Americans who live in counties with high poverty rates are more likely to die from heart failure compared to people living in more affluent areas, new research says.


The prevalence of diabetes and obesity largely explained the link, said the researchers, whose work was published Wednesday in the Journal of the American Heart Association.  


Heart failure is a chronic, progressive condition in which the heart muscle is unable to pump enough blood. For each 1% increase in a county's poverty status, researchers saw heart failure deaths increase by about 5 per 100,000 people.


About two-thirds of the relationship between poverty and heart failure deaths was explained by the prevalence of diabetes and obesity, said the researchers, who were led by Dr. Khansa Ahmad at the Alpert Medical School of Brown University in Providence, Rhode Island.
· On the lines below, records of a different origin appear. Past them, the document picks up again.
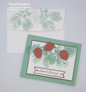To finish my card I decorated a Medium Whisper White Envelope.  I stamped the pine bough image from the Peaceful Boughs stamp set in Mint Macaron Ink on the envelope front and envelope flap, some in full strength ink and some stamped off once.
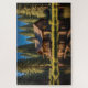 Eine Blockhütte in einem Kiefernwald an einem ruhigen Fluss, unter dem blauen Himmel des Sommers, macht ein wunderschönes Puzzle eines Westerns amerikanischen Landschaft.
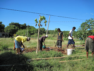 This is building week - first chicken coop for Bro. Tillock on Tuesday and Thursday, Friday a goat pen for Sister Alveranga, and Saturday we will help with the foundation work for another chicken coop for Sister Green. Here is the whole crew, minus Ritchie, an investigator who came for a couple hours and then had to go to work. The sister missionaries chopped the weeds for the coop, the men dug holes for the corner poles, then they made the floor, the roof and last the walls and door. The kids enjoyed playing with the wooden 'blocks' - cut off ends of boards. Great project! One picture shows Sister Alveranga washing her dishes with a grandson under the kitchen sink - these people are amazing - they do so much with so little!
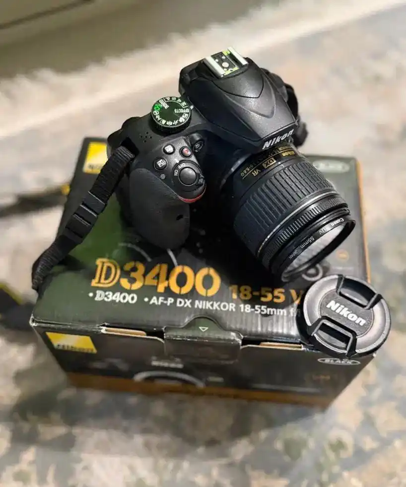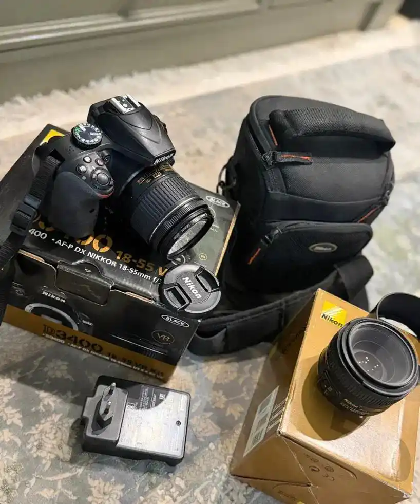 دوربین نیکون D3400 با لنز ۵۵-۱۸ به همراه لنز پرتره 50 نیکون f1.8 کاملا تمیز همراه با تمام وسایل جانبی باتری و شارژر اصلی ،کیف و محافظ لنز برای هر دو لنز مناسب برای شروع عکاسی اگر خریدار باشید تخفیف ام داره
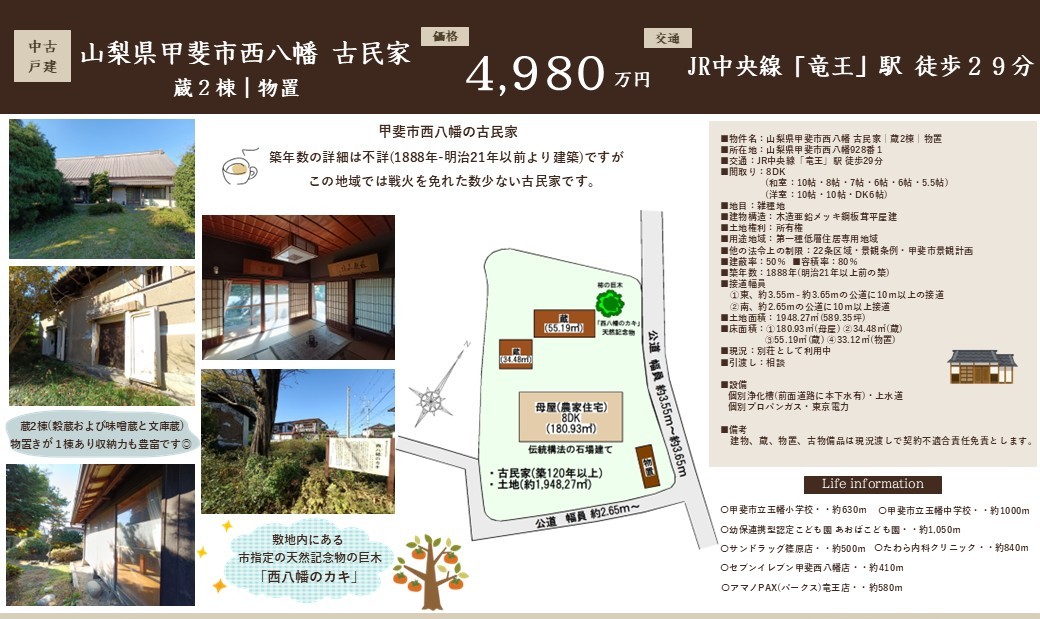 ◎築年:不詳(登記簿)明治21年(1888年ー築136年以上)
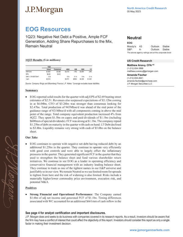 【J.P. Morgan】【20230505】JPMorgan Econ FI-EOG Resources 1Q23 Negative Net Debt a Positive, Ample FC-7页
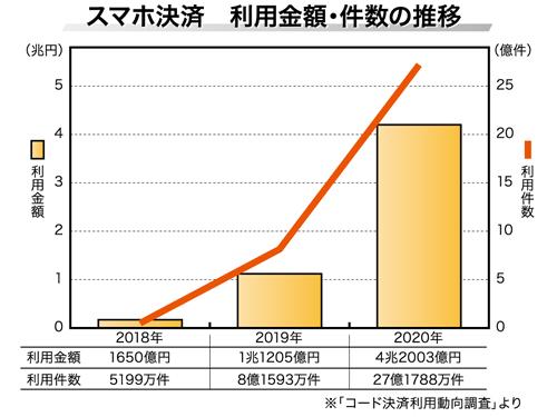 スマホ決済の市場規模は加速度的に巨大化している。一般社団法人キャッシュレス推進協議会が5月末に公表した調査結果によると、スマホ決済の20年における国内利用決済高は4兆2003億円。前年比で約3.7倍と大きな伸びを見せている。
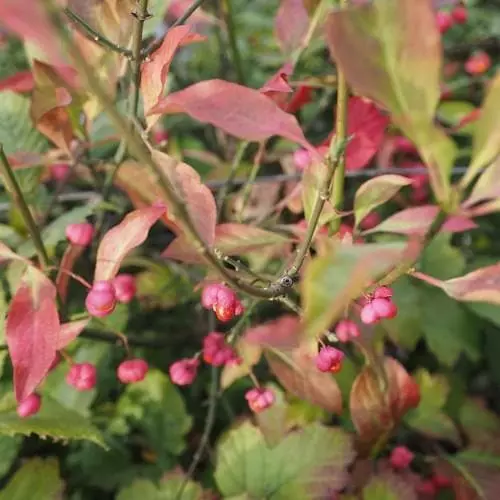 Sometimes known as Spindleberry or burning bush, Euonymus europaeus is native to Ireland. It usually grows tall and narrow, although given enough space it can reach more than 5m high and wide. Often planted as part of a hedgerow but its many cultivars are becoming common in gardens. In Summer it has tiny greenish-white flowers, in small clusters adn in Autumn it has bright pink fruit containing black seeds within orange sheaths which become exposed as the leaf turns a brilliant orange and fall.
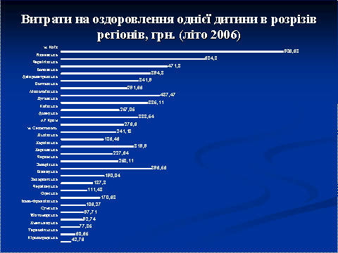 Крім того, повертаючись до якості оздоровлення дітей, звертаю увагу на цифри, які говорять самі за себе. Це обсяги фінансування оздоровлення однієї дитини за рахунок державних коштів .
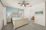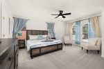 Master Bedroom Four has a Queensize Bed, closet, ensuite with washbasin, tub/shower and toilet, brand new 32″ Smart TV, and large chest of drawers and bedside cabinets.
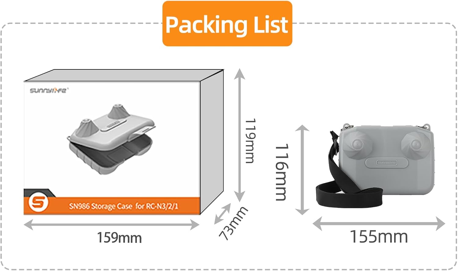 Designed specifically for RC-N3/2/1, it is convenient to take and put the remote control, making outdoor shooting more worry-free. Comes with a lanyard, you can start shooting immediately after putting the remote control on your back, freeing your hands and traveling easily. Precise mold opening, effective fit. Fits the shape and structure of the remote control. One-click fit, eliminating the need to repeatedly disassemble and assemble the joystick. Packing list: Controller storage box * 1 (does not include the remote control and other accessories for demonstration) Specifications: Product name: Universal portable storage box with lanyard Applicable models: RC-N3/2/1 Material: Plastic Product weight: 92g Packing weight: 154g Packing size: 159*119*73mm

They reviewed data about heart failure, poverty, education, unemployment and health insurance status from 3,155 counties. Data was pulled from the Centers for Disease Control and Prevention and U.S. Census Bureau databases.


The link between poverty and heart failure deaths was strongest in the South. The study saw a difference of approximately 250 deaths per 100,000 people between the poorest and the most affluent counties.


"This study underscores the disparities in health care faced by many Americans," said Dr. Jennifer Ellis in a news release. Ellis, who was not involved in the new study, is chief of cardiothoracic surgery at NYC Health + Hospitals/Bellevue in New York and is an adviser to the American Heart Association's EmPOWERED to Serve, which addresses health justice.


"As health care providers, we need to understand the barriers to a healthy lifestyle faced by patients, such as living in areas with no access to healthy food or safe places to walk."